Karen (30) from Walkden, Greater Manchester, United Kingdom

Posted

what you have to do is stay on the bigger perspective of as you said feeling liberated. This has allowed some new doors to be open where you can do anything you want in terms of personal growth without someone (untrustworthy) fettering around.

youre going to be depressed angry etc you wouldn't be grieving without, and even though he is good riddence, you still deserve and need the time to grieve.

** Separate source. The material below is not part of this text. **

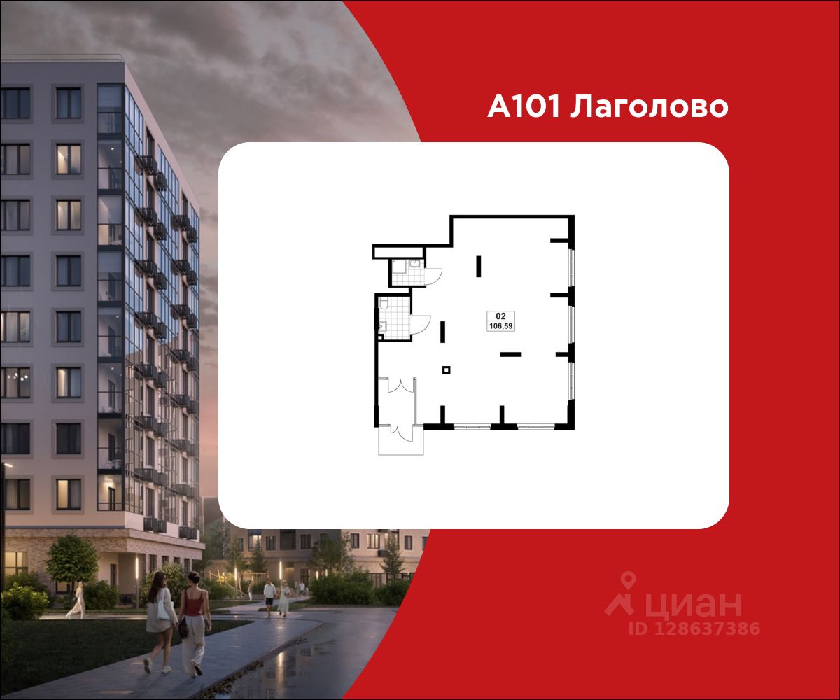 Продажа торгового помещения 106.59 м² в ЖК "А101 Лаголово" от застройщика. Опция "готовый арендный бизнес". Рассрочка на 12 мес. В 2026 году сдается первая очередь на 5.000 жителей. Дом 1.3.4.4, будет заселен в 2028 году.

allow yourself to feel angry, sad etc, simply express it by crying, or physically expressing yourself e.g gym, punching pillows, yelling to loud music in car stuff like that. this dissovles the feelings bit by bit till you come out of this better than ever.

 

Let yourself go through this process and you will end up with new gifts, perspectives and an open mind without the limiting baggage!

 

don't not trust people just because he broke your trust. its not fair to punish the next person for your past.

 

this is why it is good to go through the feelings. you always go into things whole heartedly each and every time. even if each and everytime you get trodden on. you heal. and if you let yourself heal patterns will not emerge, hopefully allowing you to find someone who is right.

 

stay liberated for yourself. focus on yourself your feelings.

 

it is now about you. not him,

your feelings are followed by i feel.....

 

soon as you add ' that, if,' after the feeling it becomes a thought...

 

acknowlodege the difference and hop on the path you were intended to live and not the path you thought you were living!

 

:) goodluck and keep posting

Posted

oh and also just because you feel angry and let it all out one day doesnt mean it wont be back, this is just how you greive and need to accept the forward and backwards type process. even though your not going backwards, it just feels as if you have been there, when really it is a new experience with new lessons etc

 

some people net to let go of a feelng each and everyday, others can let it go and it wont come back. it depends on the severity of what your going through and how it has affected you in relation to your already grounded beliefs, past, etc

 

also an example for what i mentioned above

 

i feel angry - feeling

 

i feel that your angry - thought not a feeling. which should be re stated as

i think that your angry and it makes me feel *hurt, sad etc*

 

its good to know differecne and try to focus on feelings rather than thoughts

 

goodluck!

 

(also i think i wrote in the first post that the words 'if, that' are a thought when they come after the feeling, when i should have written that it comes before)

 

oh i hope i havent completely confused everyone!!! if so i will try to expalin in a different way!